# [Task brief]
Retype only the lines below from the one with "Assorted peppermint candies" to the one with "認定特産品の特色「安全で健康", inclusive, skipping every image.

# [Exercise inputs]
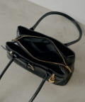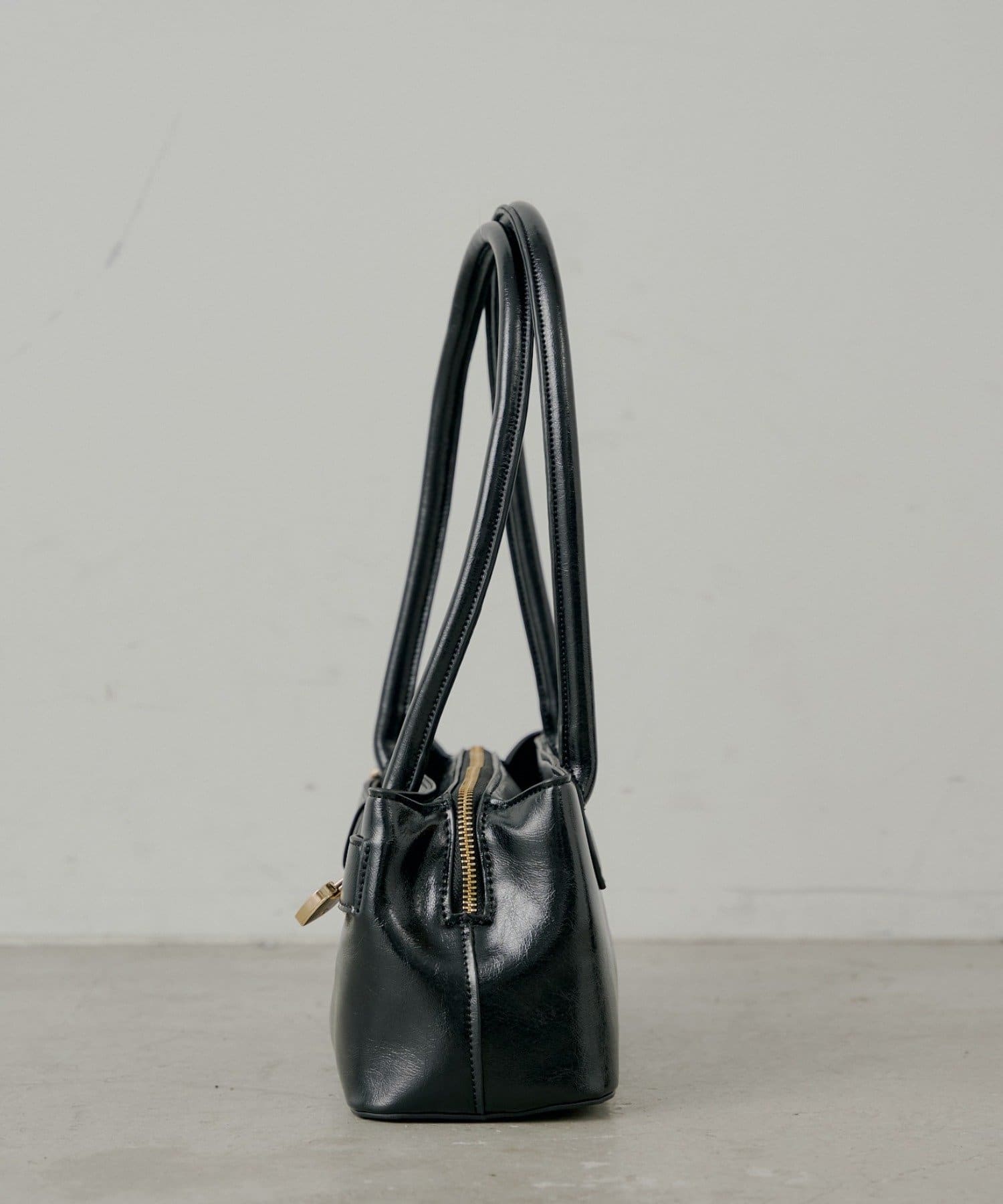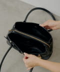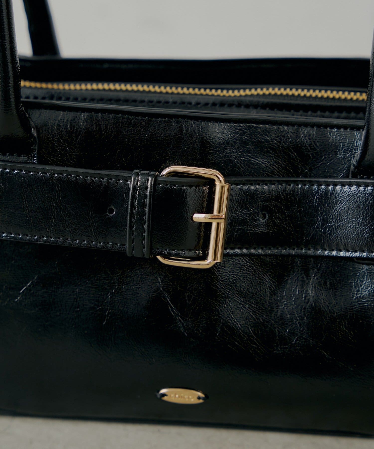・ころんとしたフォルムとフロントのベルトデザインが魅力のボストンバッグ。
--
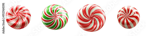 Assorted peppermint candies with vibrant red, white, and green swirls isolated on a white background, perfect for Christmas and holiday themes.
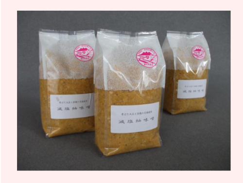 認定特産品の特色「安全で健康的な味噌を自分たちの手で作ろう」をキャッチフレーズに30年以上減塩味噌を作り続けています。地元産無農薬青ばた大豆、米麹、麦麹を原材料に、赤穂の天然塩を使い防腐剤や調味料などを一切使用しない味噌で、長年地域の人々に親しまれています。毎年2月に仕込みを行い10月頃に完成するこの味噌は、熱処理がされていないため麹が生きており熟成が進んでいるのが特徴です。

# [Task output]
 Assorted peppermint candies with vibrant red, white, and green swirls isolated on a white background, perfect for Christmas and holiday themes.
 認定特産品の特色「安全で健康的な味噌を自分たちの手で作ろう」をキャッチフレーズに30年以上減塩味噌を作り続けています。地元産無農薬青ばた大豆、米麹、麦麹を原材料に、赤穂の天然塩を使い防腐剤や調味料などを一切使用しない味噌で、長年地域の人々に親しまれています。毎年2月に仕込みを行い10月頃に完成するこの味噌は、熱処理がされていないため麹が生きており熟成が進んでいるのが特徴です。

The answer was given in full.